Top 10 Reasons Not to Fart in an Elevator (or, why passing gas is sometimes a lot like passing prose)

N.B. For those who stumble on this post, its contents respond to Kass Fleisher's recent post "Art|Politics|Beauty|Power," where, at the end, she writes...

"other than that, can we just have a moratorium on the list thing? unless we can manage, say, Top Ten Reasons Not to Fart in an Elevator...etc...."

And so,
*****

10. Because while farting is often strangely appreciated (although often unacknowledged) by the sender, cracking wind in front of others can be taken as an insult.

9. Unlike an escalator, where people and their ideas move mostly in a linear manner, from point A to point B (unless one gets her shoelaces caught in the mechanism), an elevator is an enclosed space where riders assiduously avoid each other’s bodies.

8. For what may be beautiful to one rider (the sender), in the presence of others may be taken with horror—as in the terror of the Kantian sublime.

7. Because beauty and truth in writing, while eloquent and meaningful and etc, become shot full of shit once someone cuts the elevator cable and a boxful of strangers plunge to their deaths. And when this happens, of course, the ventilation stops working.

6. When Willy Wonka launches the great glass elevator into the sky, above his candy empire, the last thing he wants is to be reminded that Charlie stole “fizzy lifting drinks.”
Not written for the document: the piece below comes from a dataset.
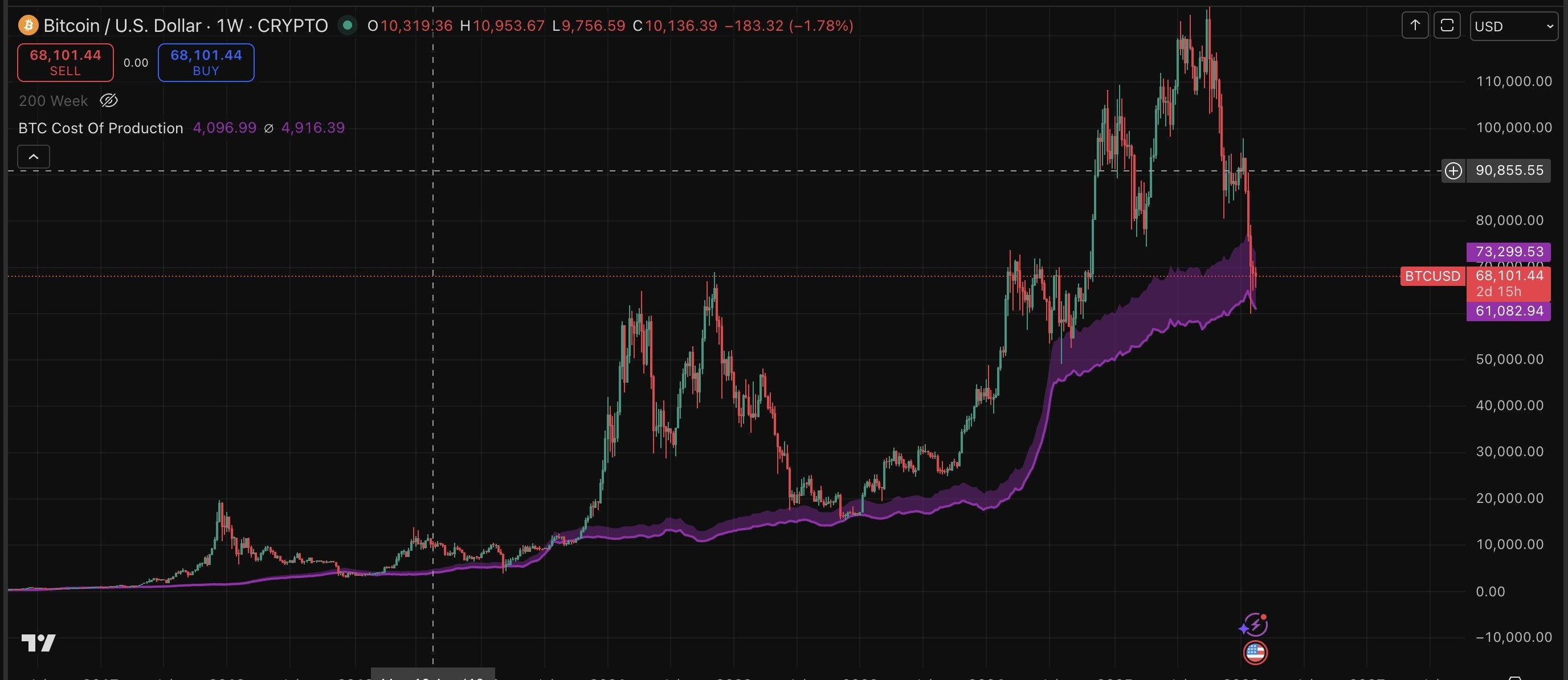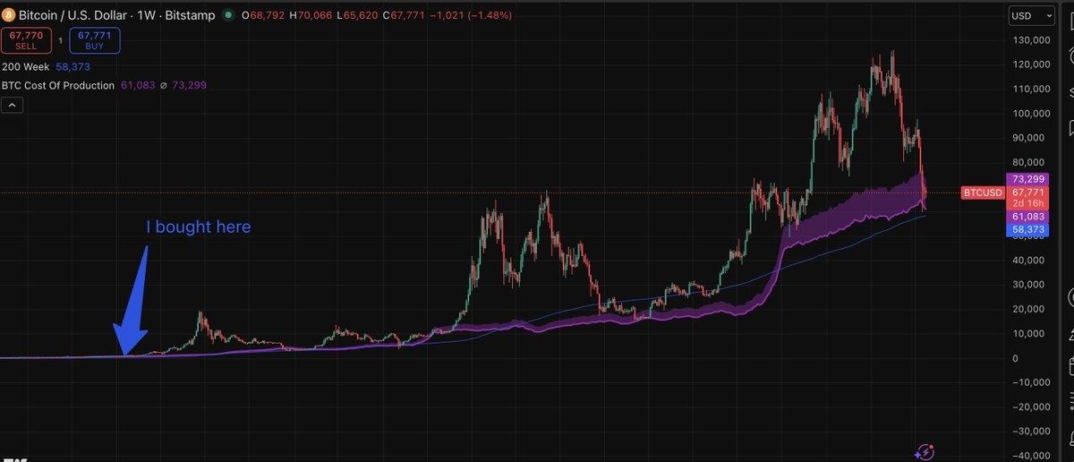 Quanto costa attualmente ai miner creare un nuovo Bitcoin — principalmente elettricità + usura delle macchine. Attualmente, a febbraio 2026, si aggira intorno ai $77,000–$79,000, quindi se il prezzo di BTC rimane molto al di sotto di questo per troppo tempo, i miner vendono tutti i loro BTC per mantenere accese le luci; una volta esauriti i BTC, di solito tocchiamo il fondo. I miner hanno attualmente circa il 20% di tutti i BTC.

5. Because with 99 ways to tells the same story, how many of those aren’t visual? Letting it all out after a plate of beans would simply confuse the issue through another sensory dimension.

4. If power were a discussion to be had over a sophisticated intellectual dinner atop a high-rise building, the gaseous passage of such contents through the bowels in a downward moving elevator at the close of the meal would surely never be mistaken, by those guests not privy to the previous conversation, for a suitable dessert.

3. Humankind has never produced a working elevator; rather, the government “produces” elevator shots in Area 51, and thus, the act in question is technically impossible.

2. In 1853, when American inventor Elisa Otis invented the brake that would stop an elevator with failed cable from falling unfettered (see # 7, anyway), public confidence in the devices increased—and thus, the modern skyscraper rose over the typhoid-sodden streets of Chicago New York London Paris. Had Otis focused on flatulence, instead, as his primary concern, because you didn’t know enough to keep a tight lid on things, well, then, we’d have never reached the astounding heights of present-day narrative (for where would our publishers house themselves?).

1. In other words, elevators, of course, don’t exist when we write about them, anymore than truth, beauty, originality, genius, authorship, or the other methane-filled constellations of fickle word winds swirling—a vortex of reeking syllables—through the lost shafts of the descending colon.

0. Even so, all in good fun, you may smell something untoward emanating from your motherboard.